Естественно, что меня поняли лишь немногие мои ученики, но их широко раскрытые от изумления глаза, их зачарованность сделанным мною сообщением были сигналом того, что что-то все-таки коснулось их сознания.

Как, например, Каролино, который сразу же после урока подошел ко мне. Когда он заговорил, я на него не смотрел. Но, подняв глаза, увидел, что лицо его, усыпанное красноватыми угрями, было белым как полотно.

– Сеньор доктор…

– Я слушаю тебя.

– Я не знаю, верно ли я понял…

– Ну, ну, я слушаю.

– Но, как я понял, я хочу сказать…

– Говори.

– Вот… но… это все так… Не знаю, как сказать: все это так сильно, так… Но я, я уже знаю, кто я есть, я уже себя знаю, я хочу сказать, я уже себя видел. И я хотел обо всем этом поговорить с сеньором доктором.
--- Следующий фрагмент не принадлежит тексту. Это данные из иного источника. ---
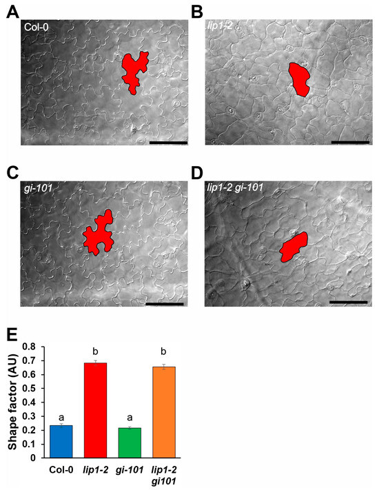 The pavement cell morphology phenotype of lip1-2 mutants is independent of GI. Pavement cell morphology of Col-0 (A), lip1-2 (B), gi-101 (C) and lip1-2 gi-101 (D) plants grown in 12 h light: 12 h dark photocycles for 8 days. Representative cells are outlined with black and filled with red colours to aid visualisation. Scale bars: 100 µm. (E) Cell shape factor values were calculated from the area and the perimeter of cotyledon pavement cells. n = 34−45, Error bars indicate standard error, and different letters show significant differences at p < 0.01 (Duncan’s test).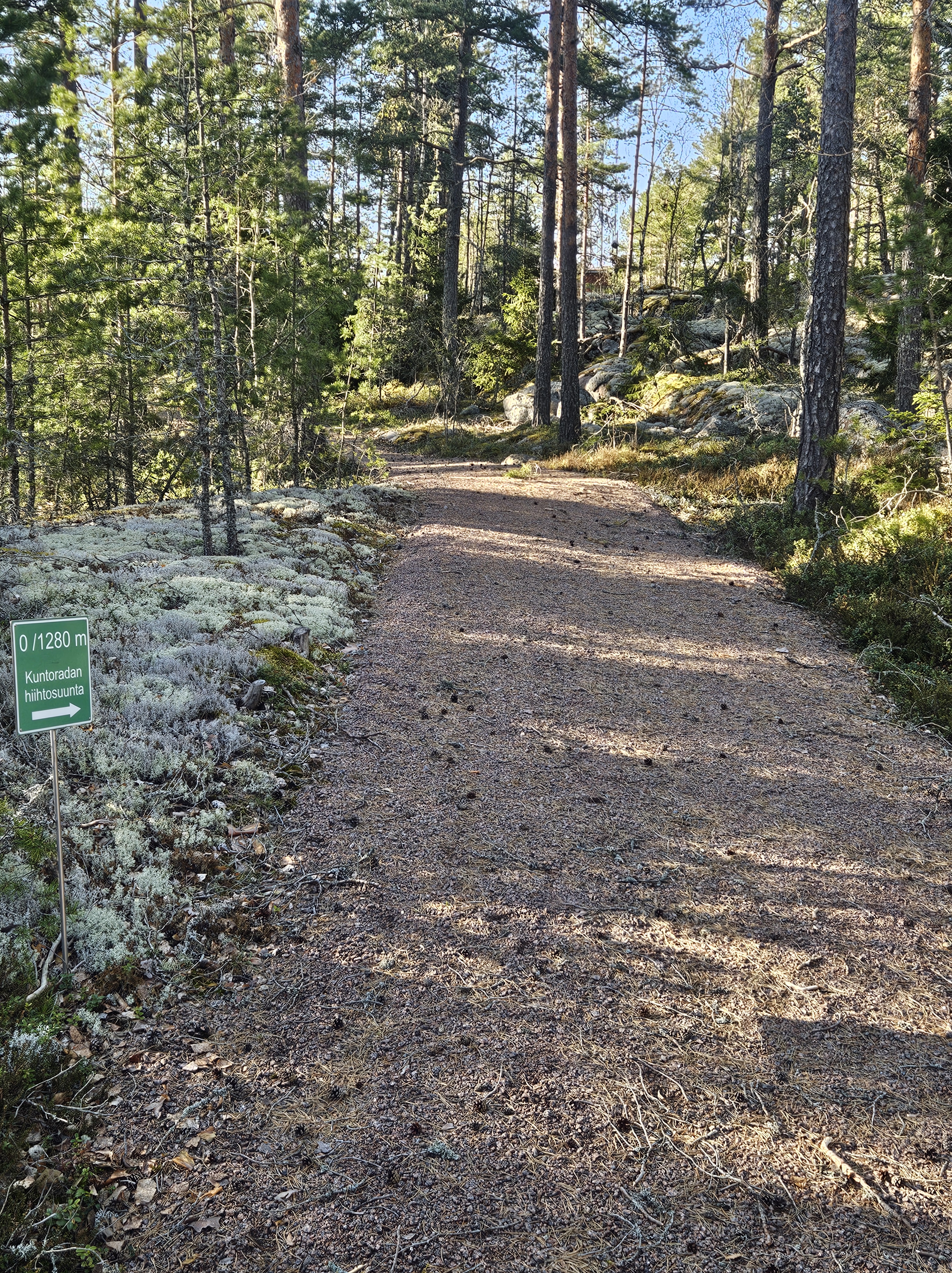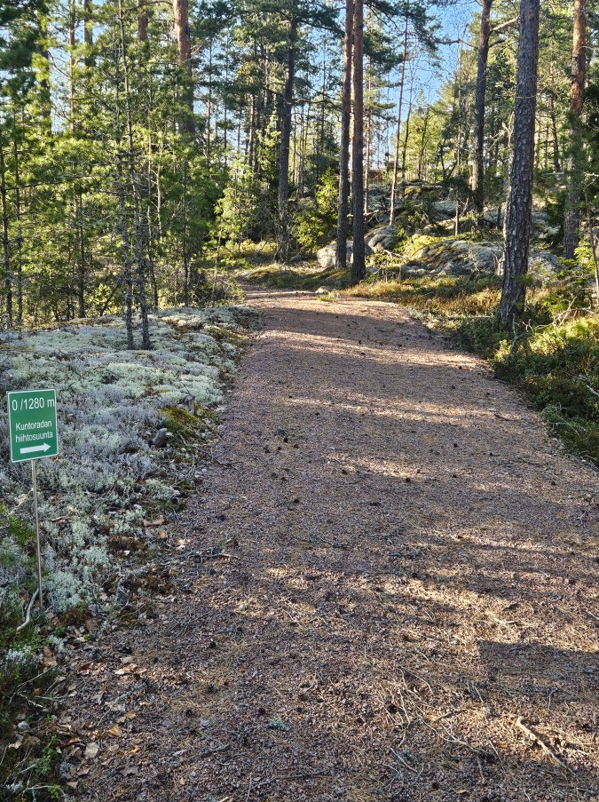 Uudenkaupungintieltä 3,1 km Helsinginrantaan150 m ylös mäkeen ja saavut parkkipaikalle.Kuntoradan alusta löydät opasteen jossa näytetään reitti ja korkeuserot.Ei muuta kun menoksi.

Когда вот так какой-нибудь ученик искал моего внимания, я, естественно, не пытался прийти с ним к взаимопониманию в плане очевидности, совпадения точек зрения, мыслей, дружбы двух мужчин, которые узнают друг друга и ищут себя в общении: я заботился лишь о том, как разъяснить, научить, информировать, не навязывая своей точки зрения, потому что такими понятиями, как очевидность и общность, я оперировал только тогда, когда говорил для всех, как будто только между преподавателем и каждым учеником, взятым отдельно и вместе с тем объединенным в коллектив, мог происходить обмен проверенными, четкими, ясными мыслями. Но у Рябенького не было мыслей, разве что была безумная тревога.

– У тебя еще есть уроки?

– Нет, сеньор доктор.

– Тогда, если хочешь, можешь пойти со мной. Я хочу подышать свежим воздухом.

И он пошел за мной следом, чуть отставая, возможно для того, чтобы товарищи не заметили его отношений с преподавателем и не назвали подхалимом. Однако, ступив за порог лицея, он тут же поравнялся со мной. Мы спустились по откосу и двинулись в сторону Редондо, но у первого же переезда свернули налево и пошли вдоль железнодорожного полотна. Теперь, когда кругом не было ни души, Каролино заговорил. Между тем я не знал, хорошо ли я понимал его, потому что очень даже возможно, что понимал я только то, что сам же ему как-то объяснял. Разговаривать нам было не легко: мы шли по очень узкой тропинке вдоль полотна и почти все время друг за другом. Рябенький поверял мне то и дело срывающимся голосом свои жизненные опыты. Он еще раз рассказал мне, как интересно разрушается слово.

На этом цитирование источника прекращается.